-- Opening Marker --

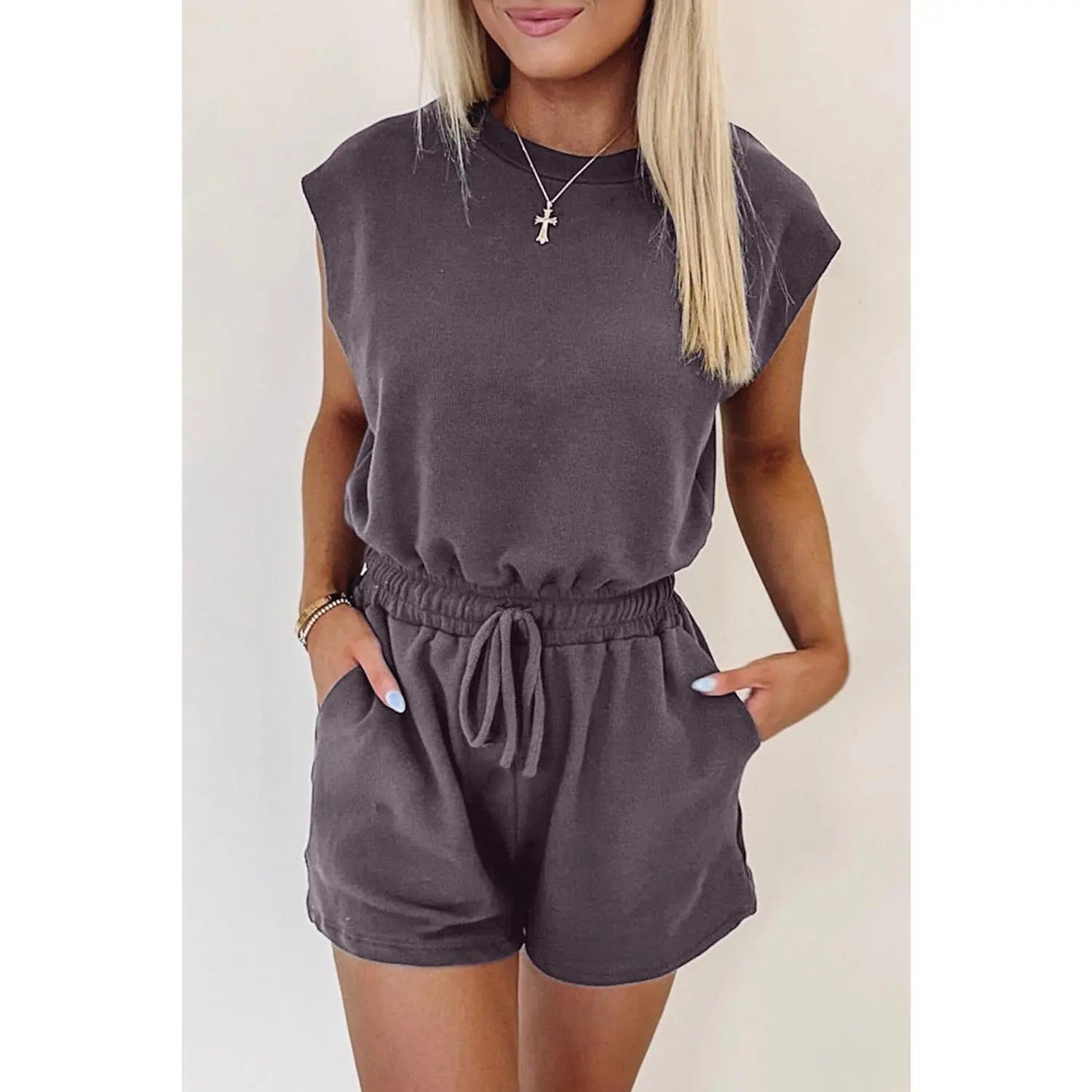 · Complete with convenient pockets, this romper seamlessly combines fashion and functionality.
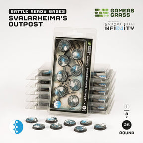 • This pack contains 8 round Battle Ready Bases 25mm wide in a Svalarheima’s Outpost theme.
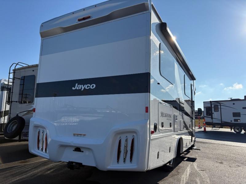 The Jayco Melbourne Prestige class C diesel motorhome offers luxury for the adventure enthusiasts. With its modern style and the automotive-bonded panoramic window in the front cap, the Soundstream Infotainment dash radio with GPS and a CD/DVD player, the remote control and heated mirrors, the backup camera with monitor, the 12V USB charging station, and the European-style curved cabinetry, this motorhome is going to impress everyone. Choose your favorite model today!
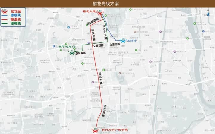 注:三条樱花专线途经公交站点均正常停靠上下客,车辆位置信息可在扬州掌上公交APP查询,如遇交阻等状况可能造成发车时间延误,请您耐心等待。
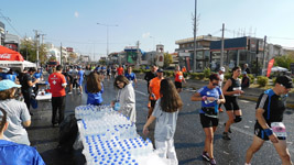 Οι εθελοντές στελέχωσαν ομάδες στην τροφοδοσία των δρομέων με νερά, ισοτονικά ποτά, μπανάνες,
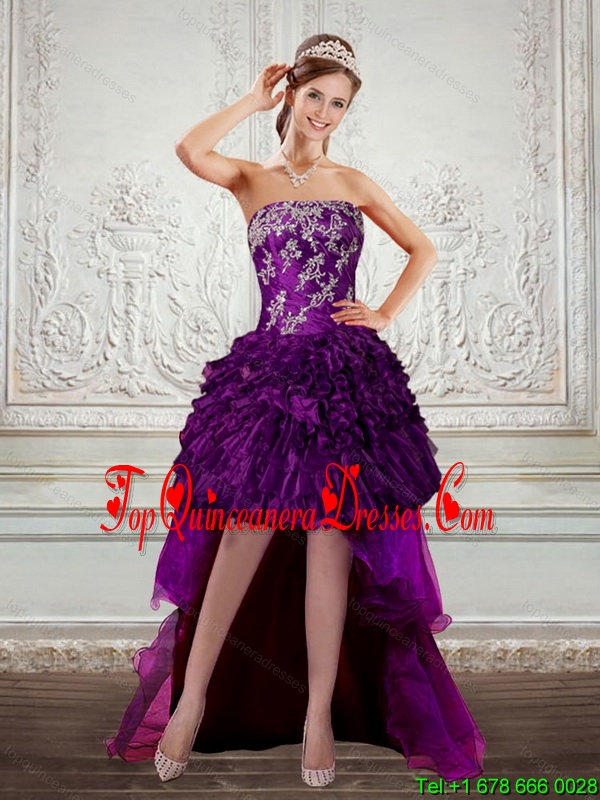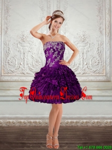 Gorgeous Dark Purple Strapless Dama Dresses with Embroidery and Ruffles
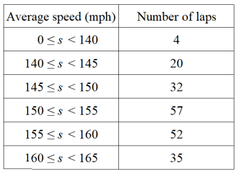 Question 34: The table gives the average speed s, in miles per hour (mph), of each lap around the track for one racing team. For how many laps was the average speed greater than or equal to 150 mph?
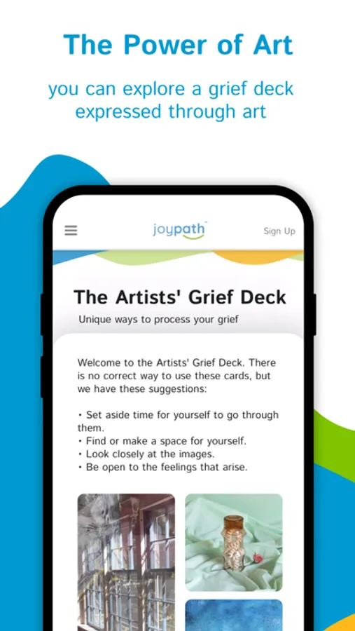JoyPath also incorporates The Artists Grief Deck, a bereavement support tool that displays an original work of art on one side of a grief card and a grief prompt or exercise on the reverse. There are 60 such cards in the deck and JoyPath users can access all and save favorites to their personal collection.
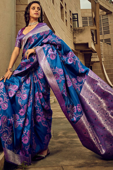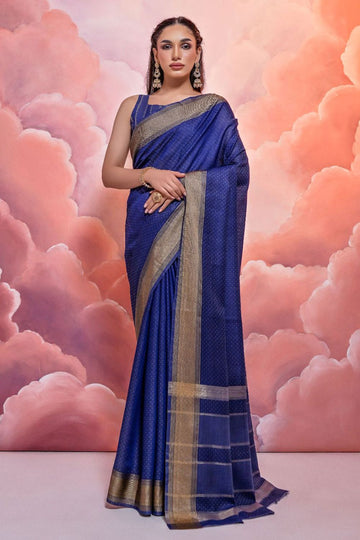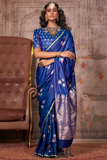Saree color - Indigo blue. Fabric - Satin brasso. Work/Pattern - Zari weaving. Saree Length...
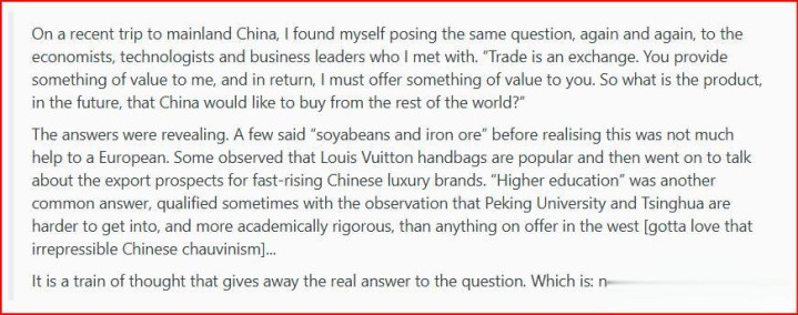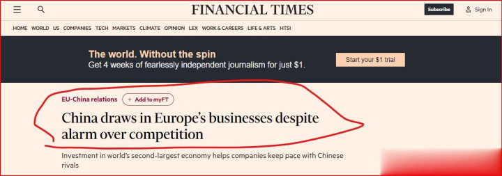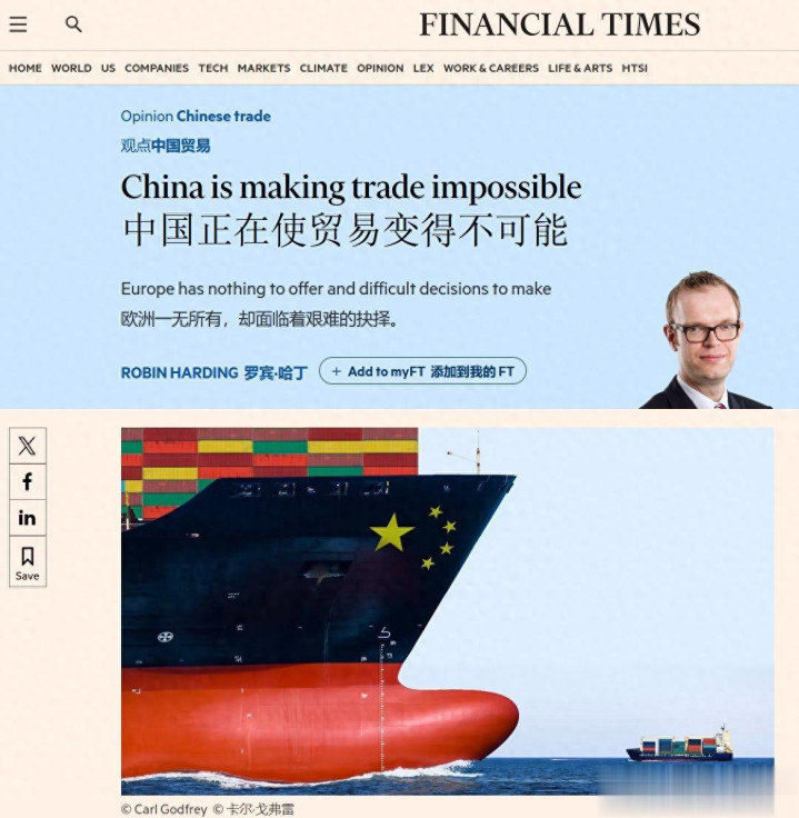 意思很明显:我们打不过,所以只好加入了。欧洲生产的东西,因为种种原因导致价格特别贵,在中国市场根本没有竞争力。前几天金融时报还发了另一篇文章《China is making trade impossible(翻译为:中国正在使贸易变得不可能)》,表示中国对外采购根本不需要工业品,他们只需要从国际贸易中获得原材料、粮食、能源,并且向全世界出口除了粮食、能源之外的任何东西。

-- Closing Marker --

Start at the line above containing "Οι εθελοντές στελέχωσαν" and stop at the line containing "Saree color - Indigo": print those lines and everything between them exactly, but not the pictures.

 Οι εθελοντές στελέχωσαν ομάδες στην τροφοδοσία των δρομέων με νερά, ισοτονικά ποτά, μπανάνες,
 Gorgeous Dark Purple Strapless Dama Dresses with Embroidery and Ruffles
 Question 34: The table gives the average speed s, in miles per hour (mph), of each lap around the track for one racing team. For how many laps was the average speed greater than or equal to 150 mph?
JoyPath also incorporates The Artists Grief Deck, a bereavement support tool that displays an original work of art on one side of a grief card and a grief prompt or exercise on the reverse. There are 60 such cards in the deck and JoyPath users can access all and save favorites to their personal collection.
Saree color - Indigo blue. Fabric - Satin brasso. Work/Pattern - Zari weaving. Saree Length...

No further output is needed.